I don’t understand why nvcc uses so many registers for my kernel. Here is the code I got:

```
float XT[3][3];
float4 Dh;
float4 NodeDisp;
/**
* First contribution
*/
/// Grab some values from textures
Dh = tex2D(DhCX_ref, texX, texY);
indY = (int)floor( __fdividef((float)ElNodes.x,MAXLENGTH) );
indX = ElNodes.x - indY*MAXLENGTH;
NodeDisp = tex2D(Disp_ref, indX, indY);
/// Computations
XT[0][0] = Dh.x*NodeDisp.x;
XT[1][0] = Dh.y*NodeDisp.x;
XT[2][0] = Dh.z*NodeDisp.x;
XT[0][1] = Dh.x*NodeDisp.y;
XT[1][1] = Dh.y*NodeDisp.y;
XT[2][1] = Dh.z*NodeDisp.y;
XT[0][2] = Dh.x*NodeDisp.z;
XT[1][2] = Dh.y*NodeDisp.z;
XT[2][2] = Dh.z*NodeDisp.z;
/**
* Second contribution
*/
// Grab other values re-using the same temporary float4
Dh = tex2D(DhCY_ref, texX, texY);
indY = (int)floor( __fdividef((float)ElNodes.y,MAXLENGTH) );
indX = ElNodes.y - indY*MAXLENGTH;
NodeDisp = tex2D(Disp_ref, indX, indY);
/// Computations
XT[0][0] += Dh.x*NodeDisp.x;
XT[1][0] += Dh.y*NodeDisp.x;
XT[2][0] += Dh.z*NodeDisp.x;
XT[0][1] += Dh.x*NodeDisp.y;
XT[1][1] += Dh.y*NodeDisp.y;
XT[2][1] += Dh.z*NodeDisp.y;
XT[0][2] += Dh.x*NodeDisp.z;
XT[1][2] += Dh.y*NodeDisp.z;
XT[2][2] += Dh.z*NodeDisp.z;
...
```

I got 4 contributions like this.

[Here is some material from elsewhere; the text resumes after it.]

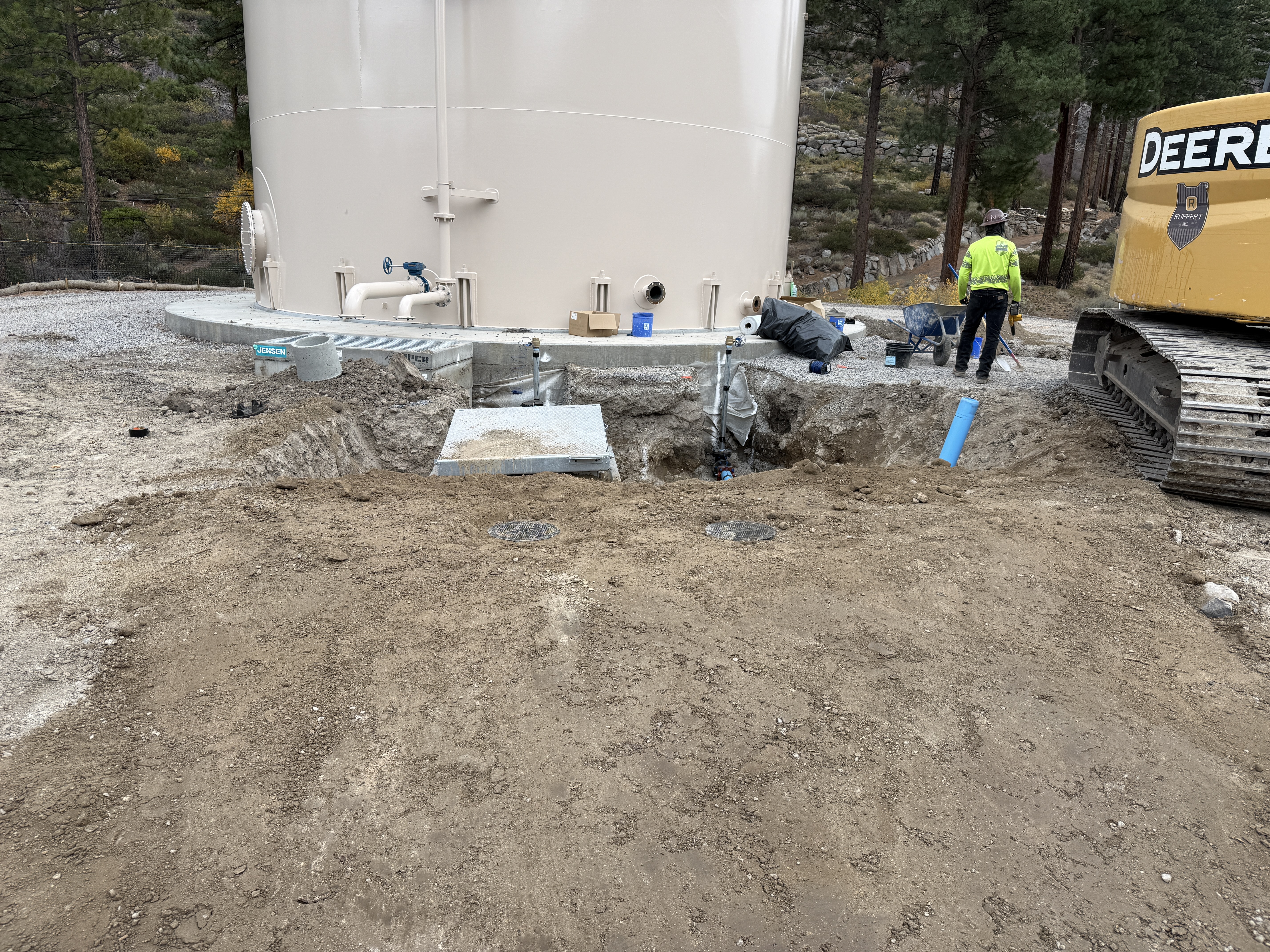 The image shows an excavation site near a finished water tank. A person in a hi-vis vest and hard hat is working next to a trench, with a large excavator positioned nearby. A valve vault is visible in the trench, and several pipes are positioned around the excavation. The weather appears overcast, and the area is surrounded by trees.

If I do only the first one the kernel uses 12 registers. When I add the second contribution I reach 16 registers. The third contribution reaches 24 registers. At the end with the fourth contribution the kernel uses 32 registers… Why it’s not re-using the same registers to do the computations? How can I reduce the number of used registers? It really doesn’t make sense to me but I’m not an expert in low level language (assembly-like).